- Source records

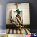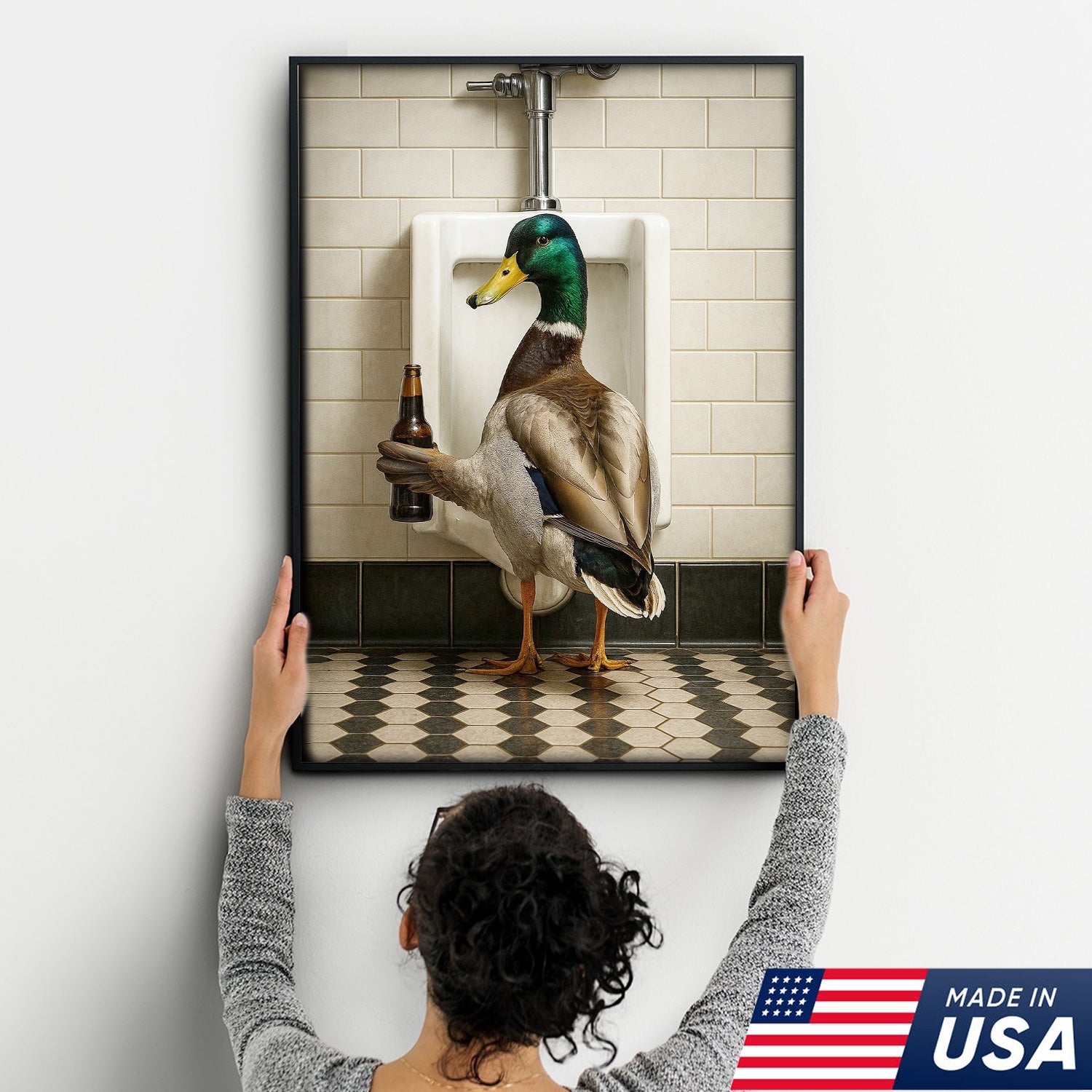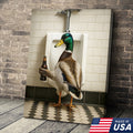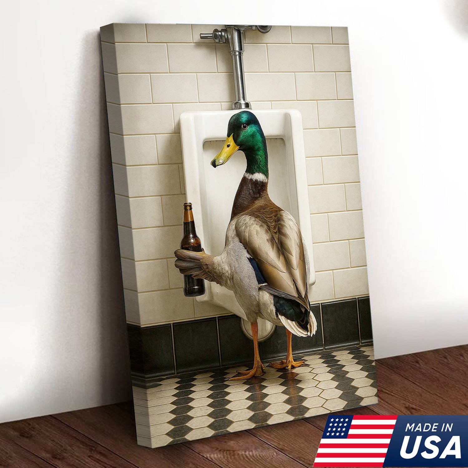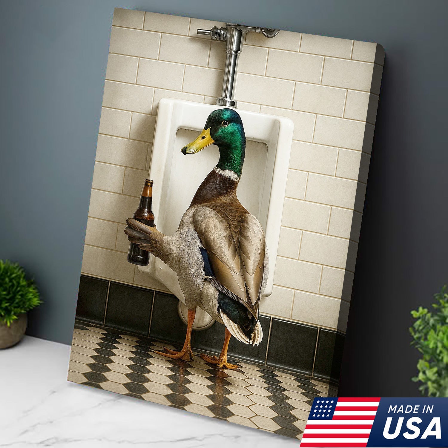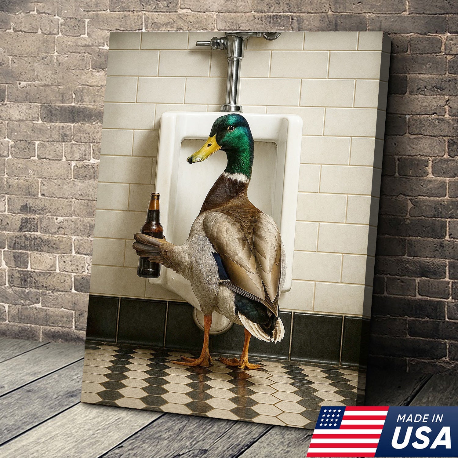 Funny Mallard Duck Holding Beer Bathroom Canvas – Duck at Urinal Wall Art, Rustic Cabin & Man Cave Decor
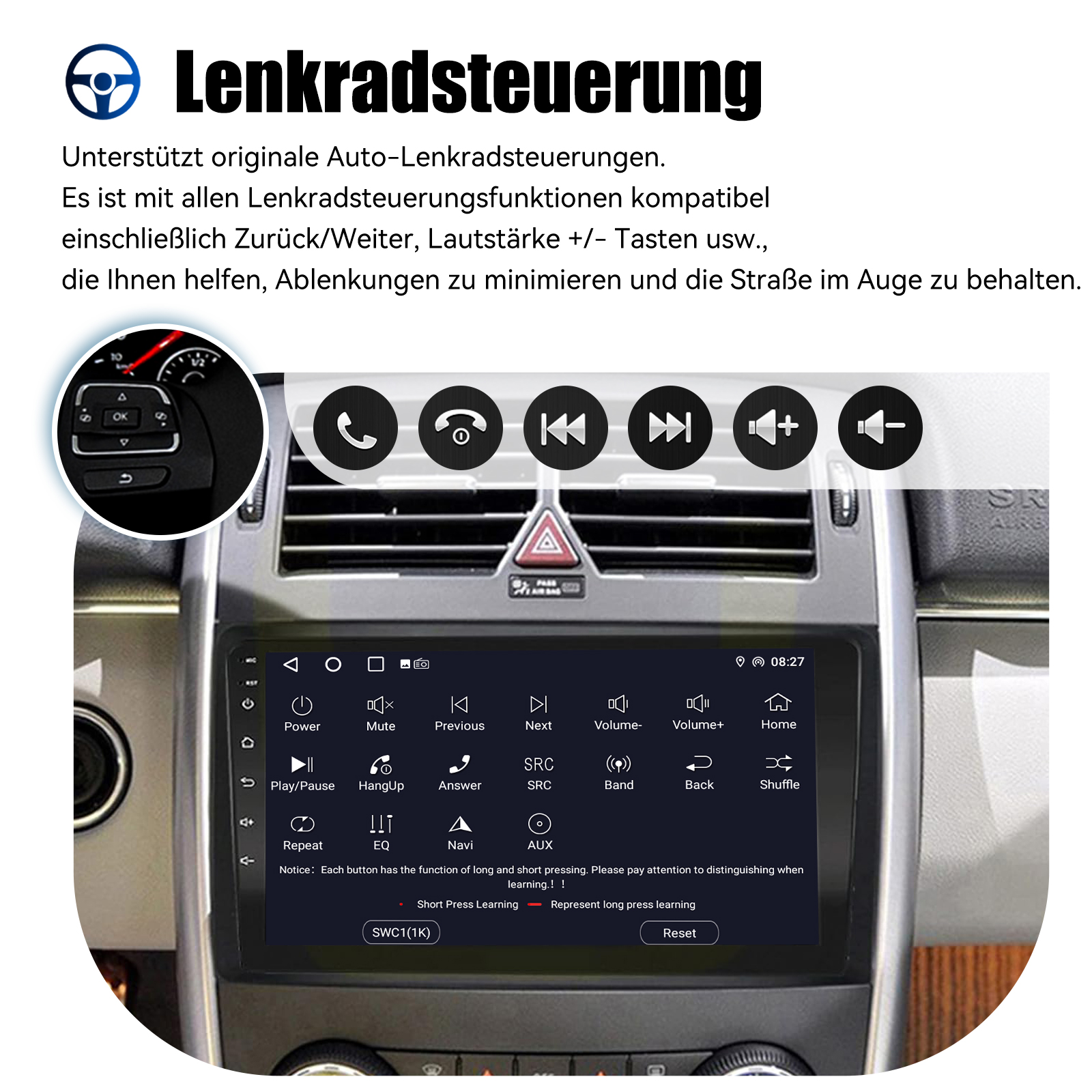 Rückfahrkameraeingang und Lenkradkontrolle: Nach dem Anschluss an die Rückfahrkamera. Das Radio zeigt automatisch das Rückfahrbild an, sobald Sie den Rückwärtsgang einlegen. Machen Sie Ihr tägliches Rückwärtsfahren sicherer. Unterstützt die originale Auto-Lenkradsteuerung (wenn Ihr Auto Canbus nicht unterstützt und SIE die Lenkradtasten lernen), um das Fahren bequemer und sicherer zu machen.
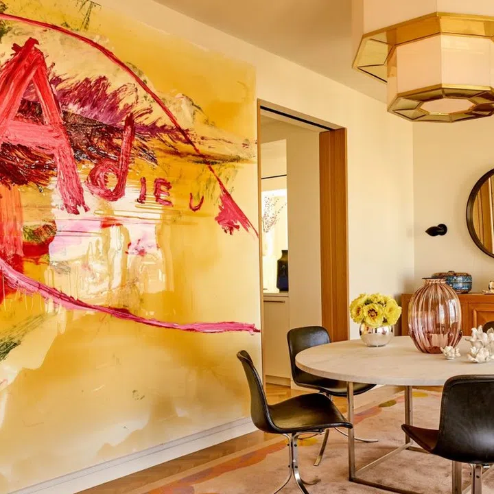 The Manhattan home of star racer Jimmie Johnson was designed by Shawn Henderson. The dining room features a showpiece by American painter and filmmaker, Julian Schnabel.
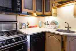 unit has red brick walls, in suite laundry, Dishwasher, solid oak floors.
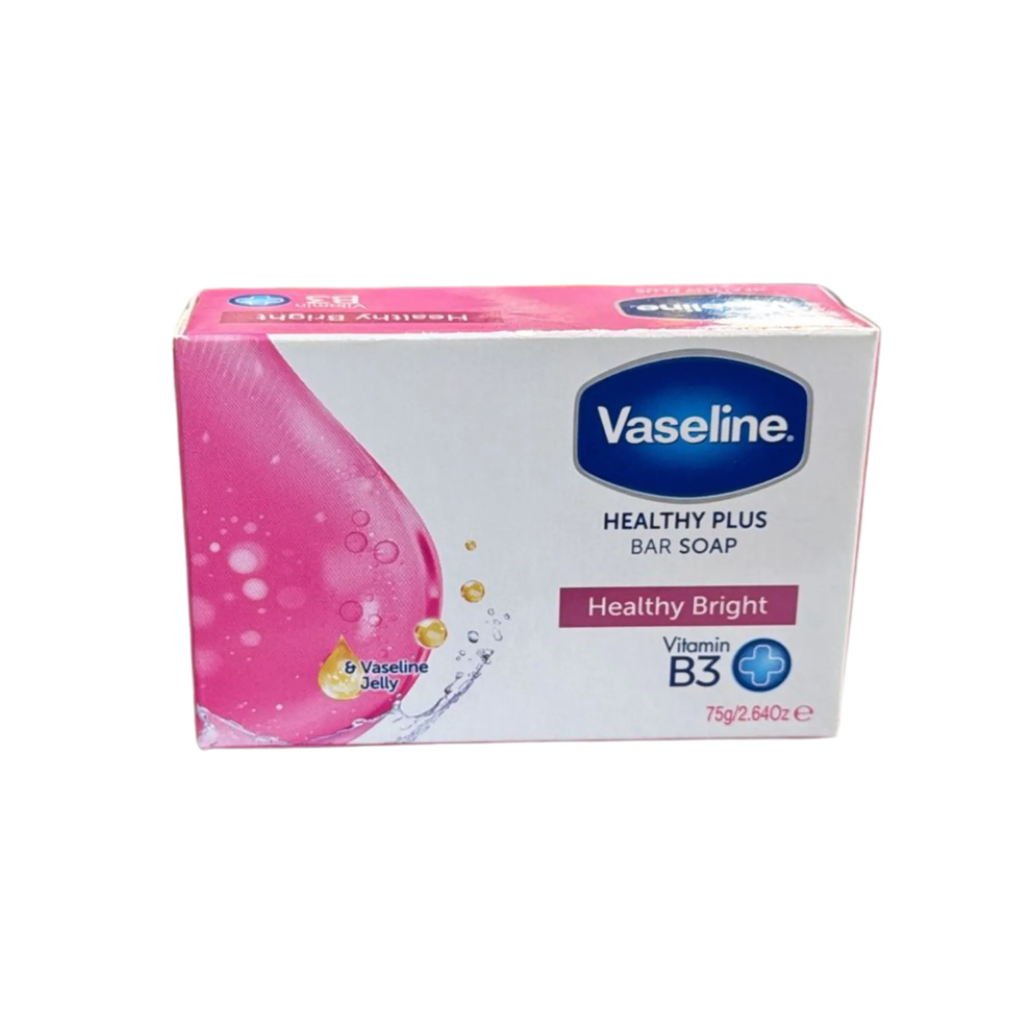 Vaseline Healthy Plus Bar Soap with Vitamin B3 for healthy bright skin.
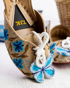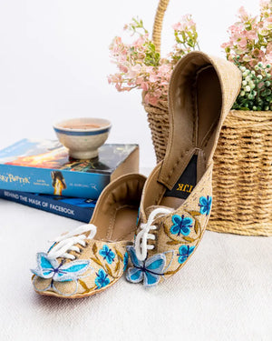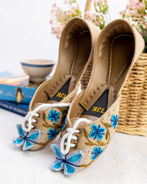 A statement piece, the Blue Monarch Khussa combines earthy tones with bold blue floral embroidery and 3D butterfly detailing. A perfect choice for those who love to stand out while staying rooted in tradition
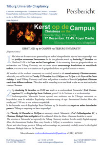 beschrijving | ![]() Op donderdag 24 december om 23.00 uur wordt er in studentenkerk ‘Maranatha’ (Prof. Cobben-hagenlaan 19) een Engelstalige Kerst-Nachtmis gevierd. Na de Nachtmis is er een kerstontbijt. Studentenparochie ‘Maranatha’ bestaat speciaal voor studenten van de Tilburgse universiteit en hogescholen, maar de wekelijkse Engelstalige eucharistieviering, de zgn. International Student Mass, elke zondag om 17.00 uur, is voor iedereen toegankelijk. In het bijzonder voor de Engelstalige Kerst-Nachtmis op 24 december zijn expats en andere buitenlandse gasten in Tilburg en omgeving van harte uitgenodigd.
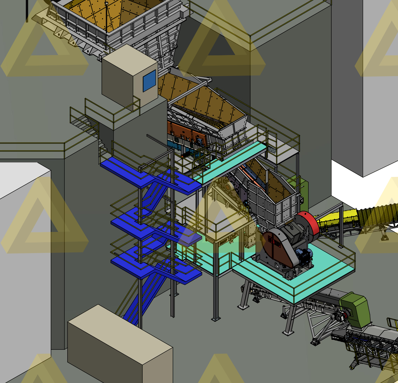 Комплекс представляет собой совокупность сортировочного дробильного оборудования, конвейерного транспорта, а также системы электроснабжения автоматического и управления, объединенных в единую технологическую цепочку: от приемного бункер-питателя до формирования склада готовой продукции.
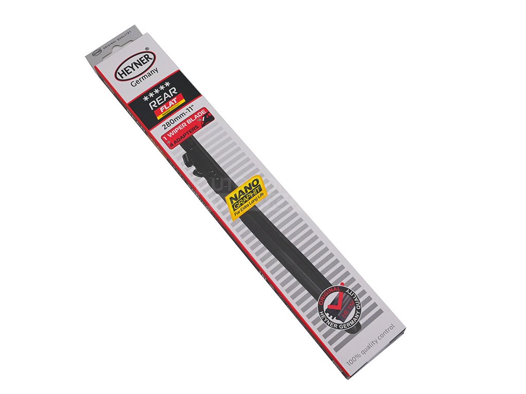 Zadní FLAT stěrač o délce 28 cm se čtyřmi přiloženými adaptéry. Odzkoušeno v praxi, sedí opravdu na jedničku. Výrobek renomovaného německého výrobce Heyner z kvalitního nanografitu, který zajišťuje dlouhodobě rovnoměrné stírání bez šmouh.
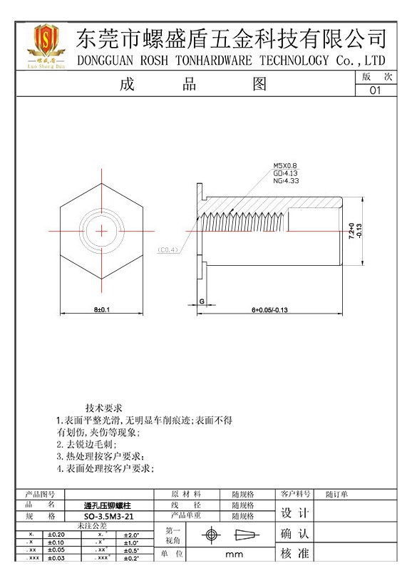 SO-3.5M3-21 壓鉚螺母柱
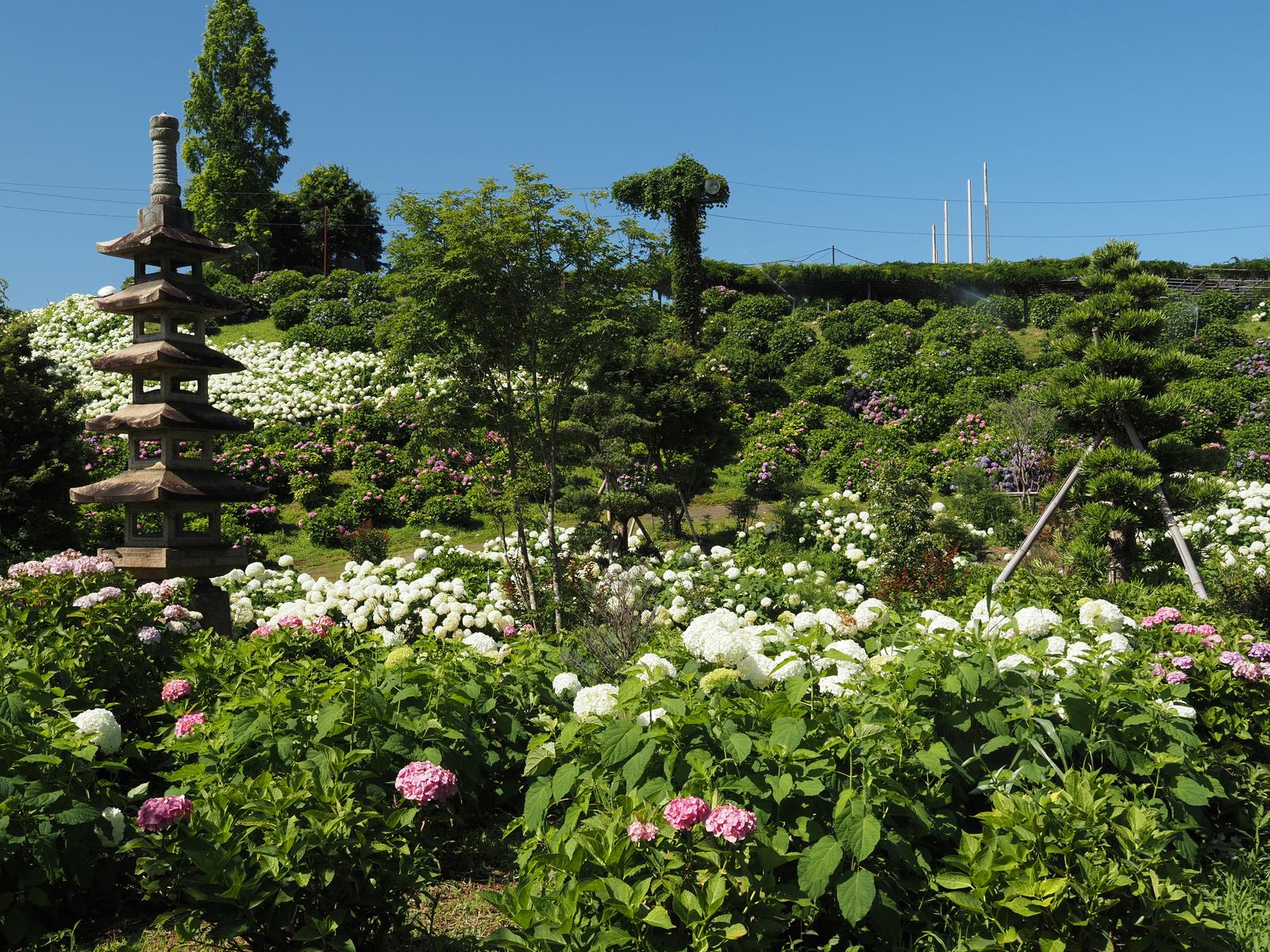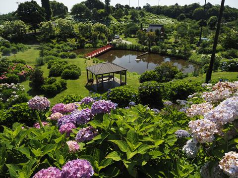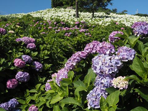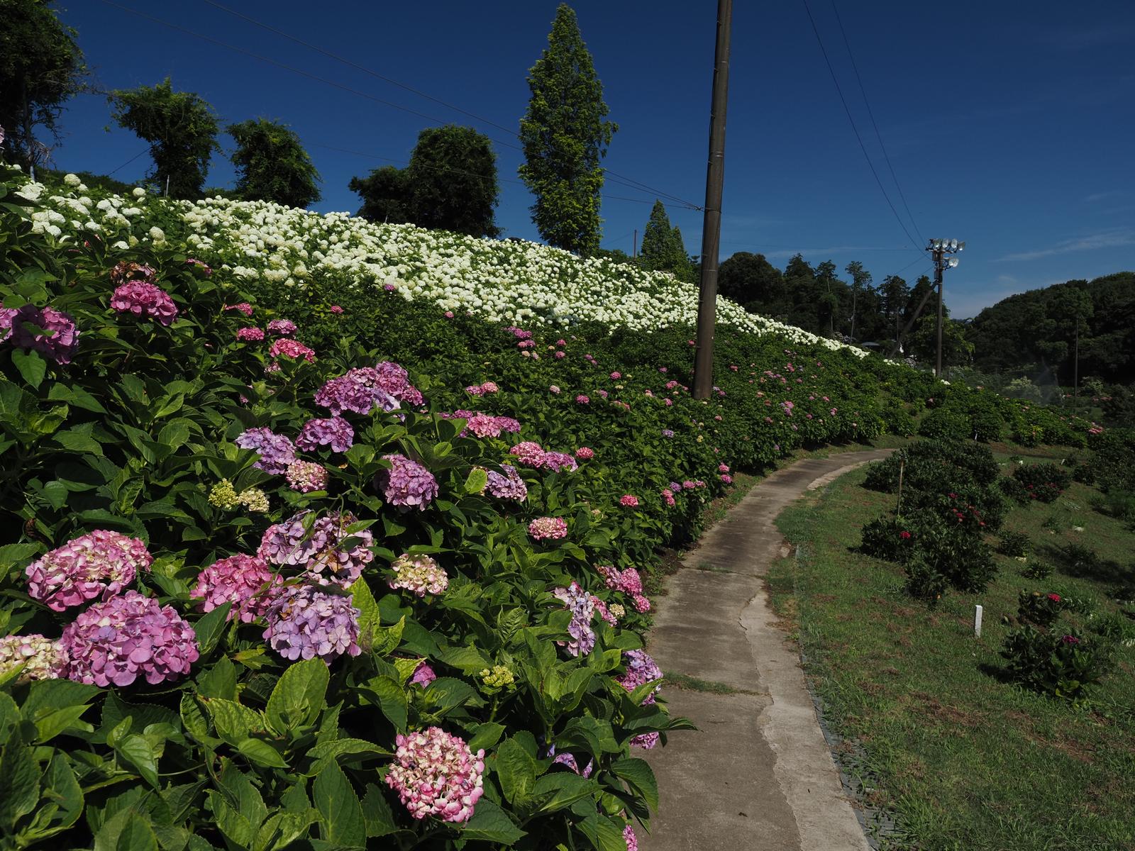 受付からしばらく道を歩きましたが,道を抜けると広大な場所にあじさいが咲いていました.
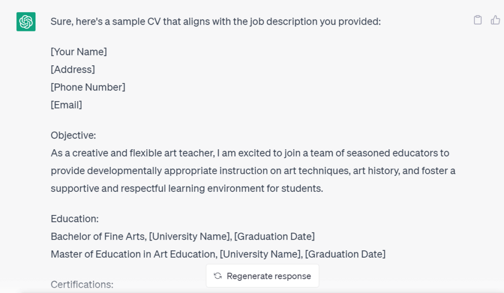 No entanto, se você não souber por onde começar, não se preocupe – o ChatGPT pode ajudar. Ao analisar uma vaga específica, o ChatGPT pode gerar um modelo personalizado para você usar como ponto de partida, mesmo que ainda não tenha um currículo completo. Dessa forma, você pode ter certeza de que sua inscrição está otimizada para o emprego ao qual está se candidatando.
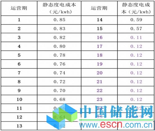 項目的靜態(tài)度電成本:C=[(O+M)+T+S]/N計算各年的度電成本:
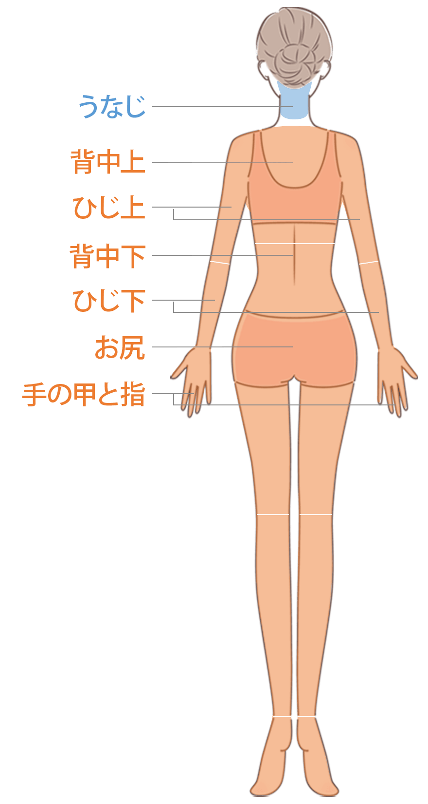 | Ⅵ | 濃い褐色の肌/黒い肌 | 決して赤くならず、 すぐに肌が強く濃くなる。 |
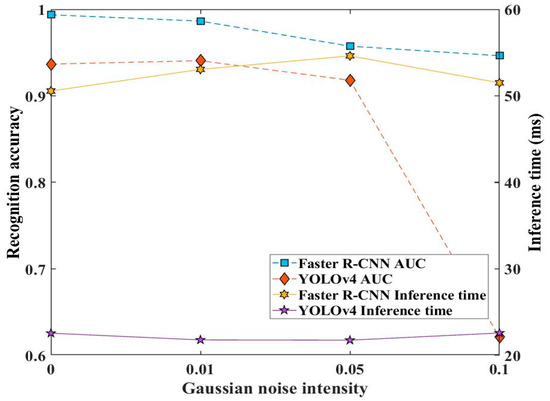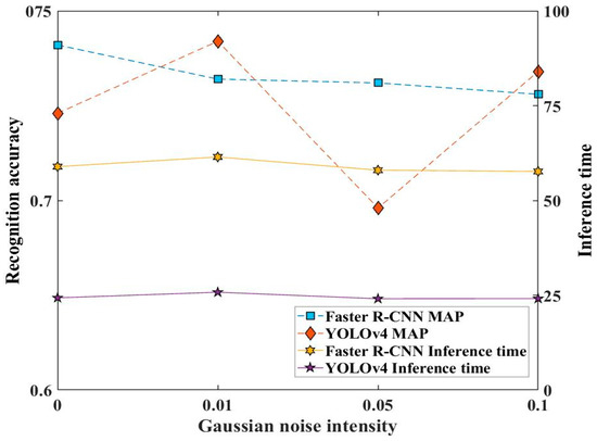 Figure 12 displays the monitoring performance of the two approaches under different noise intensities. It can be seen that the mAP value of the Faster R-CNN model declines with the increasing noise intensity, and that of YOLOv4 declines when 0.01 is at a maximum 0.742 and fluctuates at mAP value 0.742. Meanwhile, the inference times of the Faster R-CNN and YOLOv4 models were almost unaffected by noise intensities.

- DIRECTIONS
Would you set down only the lines above from the line with "Rückfahrkameraeingang und Lenkradkontrolle: Nach" to the line with "A statement piece, the", both included, exactly as they stand and without the pictures?

- EXERCISE ANSWER
 Rückfahrkameraeingang und Lenkradkontrolle: Nach dem Anschluss an die Rückfahrkamera. Das Radio zeigt automatisch das Rückfahrbild an, sobald Sie den Rückwärtsgang einlegen. Machen Sie Ihr tägliches Rückwärtsfahren sicherer. Unterstützt die originale Auto-Lenkradsteuerung (wenn Ihr Auto Canbus nicht unterstützt und SIE die Lenkradtasten lernen), um das Fahren bequemer und sicherer zu machen.
 The Manhattan home of star racer Jimmie Johnson was designed by Shawn Henderson. The dining room features a showpiece by American painter and filmmaker, Julian Schnabel.
 unit has red brick walls, in suite laundry, Dishwasher, solid oak floors.
 Vaseline Healthy Plus Bar Soap with Vitamin B3 for healthy bright skin.
 A statement piece, the Blue Monarch Khussa combines earthy tones with bold blue floral embroidery and 3D butterfly detailing. A perfect choice for those who love to stand out while staying rooted in tradition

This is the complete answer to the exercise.